The kind of bandwidth 5G is promising means all this post-shot manipulation won’t just happen in real time – it won’t even have to happen on the phone. It can be done in powerful server clusters with real-time access to anything – image libraries, new processing code, even other phones and cameras. Well, it can if you’re a software juggernaut like Apple or Google – but Nikon and Canon aren’t in that league.

All of this sophisticated “post processing” will of course, have the ultimate effect of making everyone’s photos look more and more alike. But for many people that’s just fine.

smartphone photos of the future


Cameras still have big advantages – starting with ergonomics and lenses.

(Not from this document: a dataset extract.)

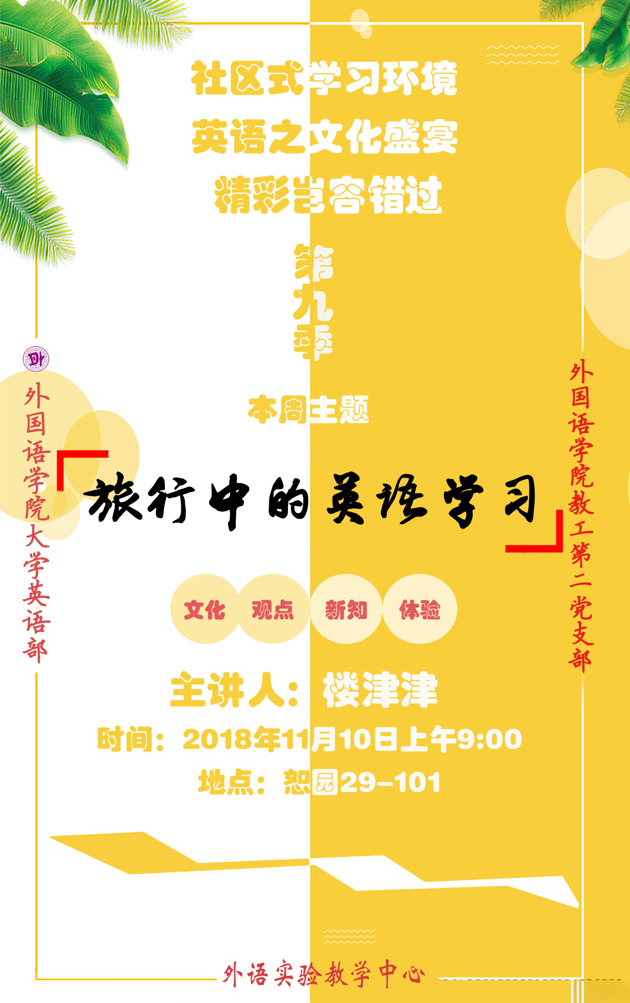 为持续推进教学改革,切实提升人才培养质量,在黄色网址 教工第二党支部的引领下,结合大学英语教学改革的实际,为在校学生营造良好的社区式英语学习氛围,从而提升学生的英语学习水平,扩大学生的视野,支部所属的大学英语教学部为全校学生开设的周末英语专题讲座活动目前已经进入了第九季第四期。

And camera makers have their proprietary processing tricks – it will take a while for Apple’s people to know as much about all aspects of photography as the back-room gurus at Nikon. But for most people, smartphones are now giving them the eye candy they want – and will give them more of it in the future. We won’t even be comparing “cameras” anymore, but cloud-based systems that produce images – tuned, edited and extended to be whatever people like. What used to be called “post processing” is just one part of what these systems will do.

You may even disagree! If so, leave a comment anyway. If it includes a link to your own photo site, you get a nice SEO-boosting ‘dofollow’ backlink.

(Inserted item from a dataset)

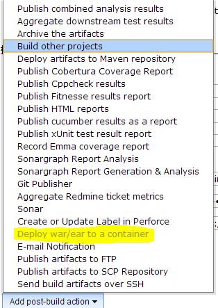 你可以在设置Job的“构建后操作”部分添加“Deploy war/ear to container”

7 Replies to “As Good As A Phone…?”

  1. “The new phone is going to Disneyland; the big black camera is heading to Ebay.”

    Good post. I really like that line. The camera makers should have caught on 10 or 12 years ago — People care more about the pictures than the machine that makes them. And they want/need to share their photos. Now, in real time, not after they get back home.

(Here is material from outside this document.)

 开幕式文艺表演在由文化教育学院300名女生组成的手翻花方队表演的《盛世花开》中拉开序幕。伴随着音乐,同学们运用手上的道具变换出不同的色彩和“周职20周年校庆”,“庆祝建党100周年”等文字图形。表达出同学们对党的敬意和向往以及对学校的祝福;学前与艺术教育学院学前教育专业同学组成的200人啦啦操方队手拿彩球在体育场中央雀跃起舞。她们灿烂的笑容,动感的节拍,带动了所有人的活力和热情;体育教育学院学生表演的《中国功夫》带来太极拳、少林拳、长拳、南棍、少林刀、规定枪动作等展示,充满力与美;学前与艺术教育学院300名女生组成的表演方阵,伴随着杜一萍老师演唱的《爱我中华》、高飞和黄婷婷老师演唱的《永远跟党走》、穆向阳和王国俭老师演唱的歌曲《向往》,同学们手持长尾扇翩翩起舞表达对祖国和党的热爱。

    My fantasy is that Samsung might team up with OM (Olympus).

    And since I’m just setting up a Smugmug I’ll take you up on your ‘follow back’. 🙂

  2. “So why can’t camera makers just run Linux instead of some realtime OS? It’s not so simple. Licensing a distribution and making it run on their hardware would be just the start; once out there, it has to be supported, updated and patched basically forever. Imagine the security issues, and the PR disaster when some top pro’s camera gets hacked”

    You couldn’t be more wrong. Sony cameras have been running on Linux for over 10 years. A Sony camera is effectively like a little computer running Linux.

    1. You’re right, Sony cameras (at least some of them) apparently run an embedded Linux. I probably have some light bulbs and dimmers that do, too. But it’s not like I could easily mount the SD card’s volume over my network, or send email from my camera – it’s a cut-down version and a closed system. Sony’s development probably benefits from the Linux platform, and they have some sort of 3rd-party app ecosystem.

      But connectivity is the big thing for the future. Without an always-on cellular data link, cameras won’t be able to do the kinds of real-time processing I’m talking about. And for that, they’re up against battery life and cellular “data plan” costs.

  3. In my opinion phone cameras suck in ergonomics, range of usefulness, and IQ. They are good for P&S shooters who lack the competence to be a real photographer.

    1. I’ll give you 2 out of 3, because I don’t really believe IQ matters anymore except to photographers. Yes, the ergonomics are just unbelievably bad.

  4. Just seeing this now. Everything you said is real and is happening. A lot of people won’t like it – but it is happening.

    The camera phone still needs someone with a good EYE to create a photograph rather than just a snapshot. However, many people do not care – as long as they get a decent picture.

    My favorite line from your narrative is: Replacing boring people will be next. BRAVO.